‘FG/OPS partnership needed for N’East reconstruction’

There is a pressing need for the Federal Government and the organised private sector to pool resources to address the main issues of reconstruction and rehabilitation, in the North-East geo-political zone, in a build-up to a post-Boko Haram insurgency era.
Speaking at a quarterly induction conference of members into the Institute of Entrepreneurs, in Lagos, the Managing Director, Global Micro-Mega Consult Management Limited, Abuja, Dr.Iyk Oji, reasoned that such a development partnership, had become necessary – given the lean times that the country’s economy was in, on account of dwindling revenue from crude oil.
Whatever policy and plan that government and the OPS might arrive at, Oji offered, should be aimed, with the involvement of the Bank of Industry (BIO), at meeting the humanitarian needs of the vast number of internally displaced persons (IDPs), who are gradually returning to their roots.
He listed the needs of the IDPs as shelter, clothing, food, healthcare, regular supply of potable water, psychological counselling, skill acquisition programmes – designed to inculcate entrepreneurial spirit in them, in readiness for a new life – education and, amongst others, security.
The ultimate intent of the reconstruction and rehabilitation programme, Oji said, should be to mitigate consuming corruption, inexplicable socio-economic decay – and the attendant erosion of faith, on the part of the youths, in government and politics; a situation that could be blamed for the rise of the Boko Haram insurgency.
It was Oji’s position that the humanitarian crisis in the North-East was a challenge to trustworthy entrepreneurs, within the OPS, who should be allowed access to development funds of the BOI.
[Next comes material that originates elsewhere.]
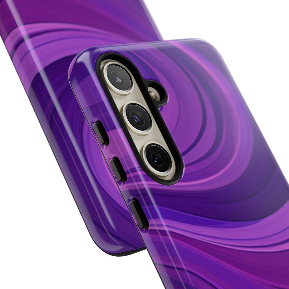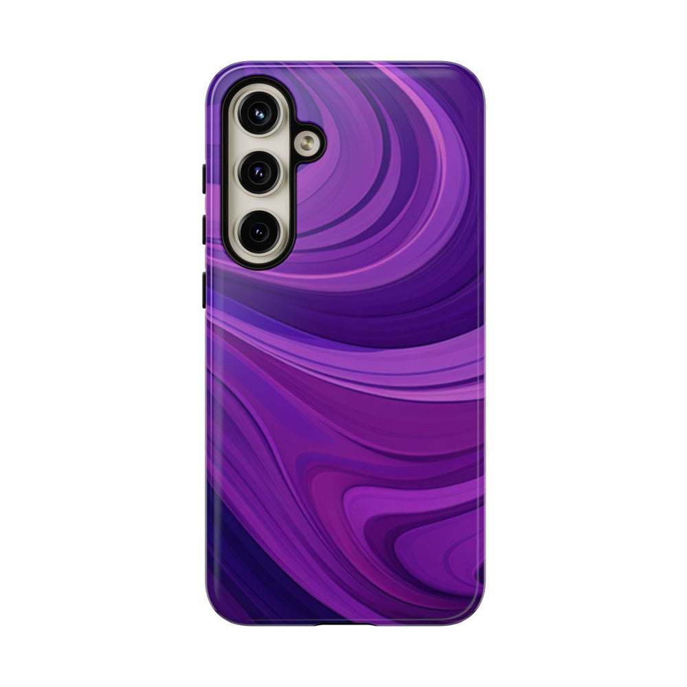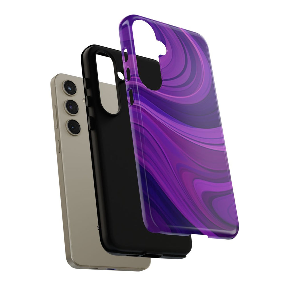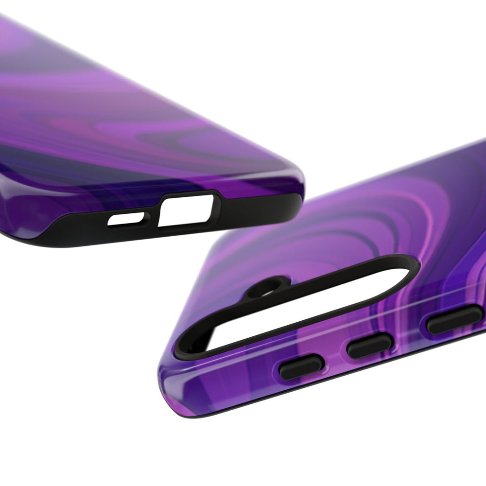 Dit telefoonhoesje heeft een abstract patroon van golvende vormen in verschillende paarstinten. De vloeiende, gebogen lijnen zorgen voor een gevoel van beweging en diepte, waarbij lichte en donkere paarse kleuren naadloos in elkaar overlopen. Het patroon bedekt het volledige oppervlak, wat het hoesje een levendige en dynamische uitstraling geeft. Het hoesje is glanzend afgewerkt en bestaat uit twee lagen: een stevige polycarbonaat buitenkant en een TPU-binnenzijde voor extra bescherming en duurzaamheid. Het hoesje ondersteunt draadloos opladen en is bestand tegen weersinvloeden.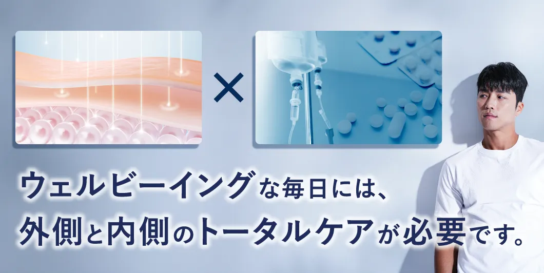 美容内科は、お悩み改善効果の高い栄養素や薬剤を積極的に取り込んで身体の中からケアする治療です。 そのため、美容施術に、点滴や内服薬治療を加えることで、得たい効果を高め、さらにダウンタイムを軽減できます。 抗酸化作用やコラーゲン生成促進作用をもたらす点滴や内服を使用すれば、創傷治癒が早まるような効果も見込めます。 また、痩身効果高い施術に加え、痩身効果をサポートする美容内科治療で相乗効果を発揮します。

Entrepreneurs, he said, were key to economic growth and sustainable development in crisis situations, and that they were needed, as Nigeria looked forward to a virile, top-ranking economy in 2020, within a system of “entrepreneurial ecosystem that can connect to government economic policy, finance, culture, market, human capital etc., to press her economic growth.
In making a case for what would be akin to entrepreneurial renaissance, as a fixed and active feature of President Muhammadu Buhari’s desire to diversify the country’s economy, Oji said that entrepreneurs were engines of economic growth, who occupy “a central position in most of the leading market economies of the world.”